■ Work task
Transcribe the entries below word for word, beginning at the line with "Merino komplet s" and stopping after the line with "파주시 교하도서관은 여름"; drop all pictures.

■ The records

++++++++++++++++++++

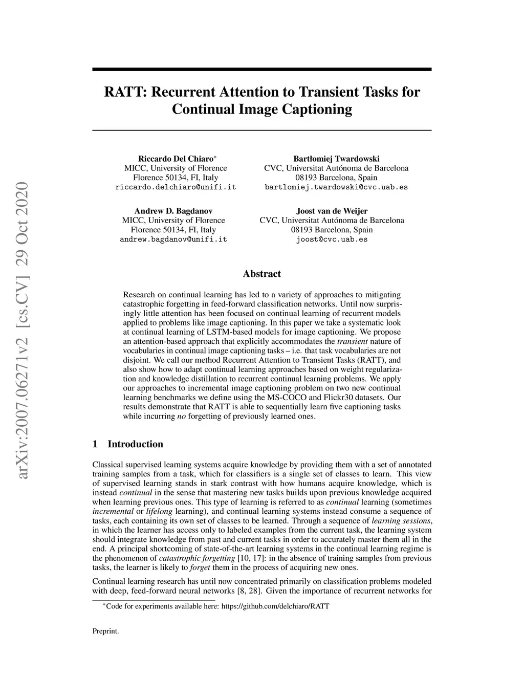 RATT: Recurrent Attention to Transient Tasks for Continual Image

++++++++++++++++++++

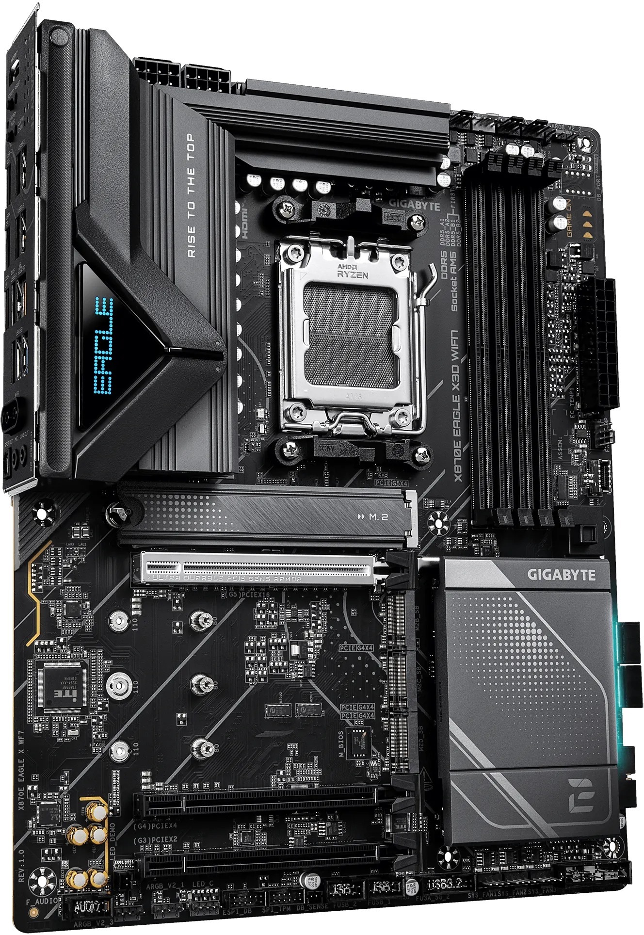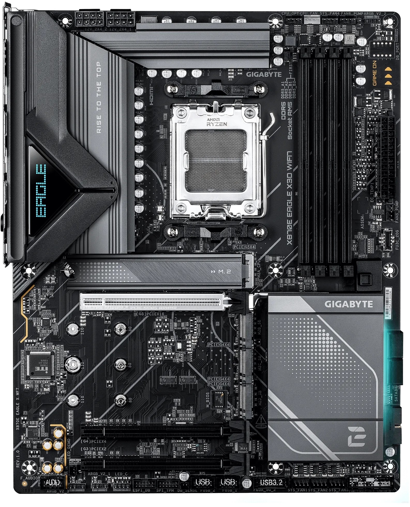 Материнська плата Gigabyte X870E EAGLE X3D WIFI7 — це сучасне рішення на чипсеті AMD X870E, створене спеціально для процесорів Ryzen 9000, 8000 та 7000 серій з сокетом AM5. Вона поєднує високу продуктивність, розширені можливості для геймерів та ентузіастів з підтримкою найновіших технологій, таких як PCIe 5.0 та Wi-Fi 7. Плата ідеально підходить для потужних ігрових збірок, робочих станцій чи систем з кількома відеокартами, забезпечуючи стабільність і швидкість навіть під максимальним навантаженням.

++++++++++++++++++++

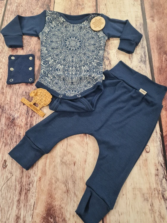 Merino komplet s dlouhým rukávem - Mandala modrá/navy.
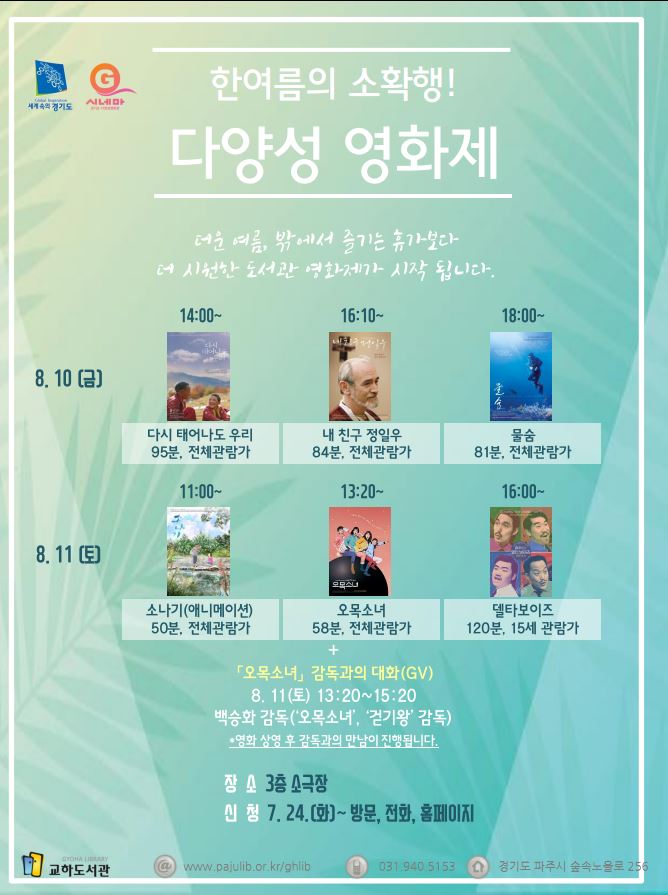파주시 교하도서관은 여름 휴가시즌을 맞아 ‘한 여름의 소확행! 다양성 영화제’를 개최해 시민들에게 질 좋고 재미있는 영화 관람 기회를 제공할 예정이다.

++++++++++++++++++++

■ Answer space
 Merino komplet s dlouhým rukávem - Mandala modrá/navy.
파주시 교하도서관은 여름 휴가시즌을 맞아 ‘한 여름의 소확행! 다양성 영화제’를 개최해 시민들에게 질 좋고 재미있는 영화 관람 기회를 제공할 예정이다.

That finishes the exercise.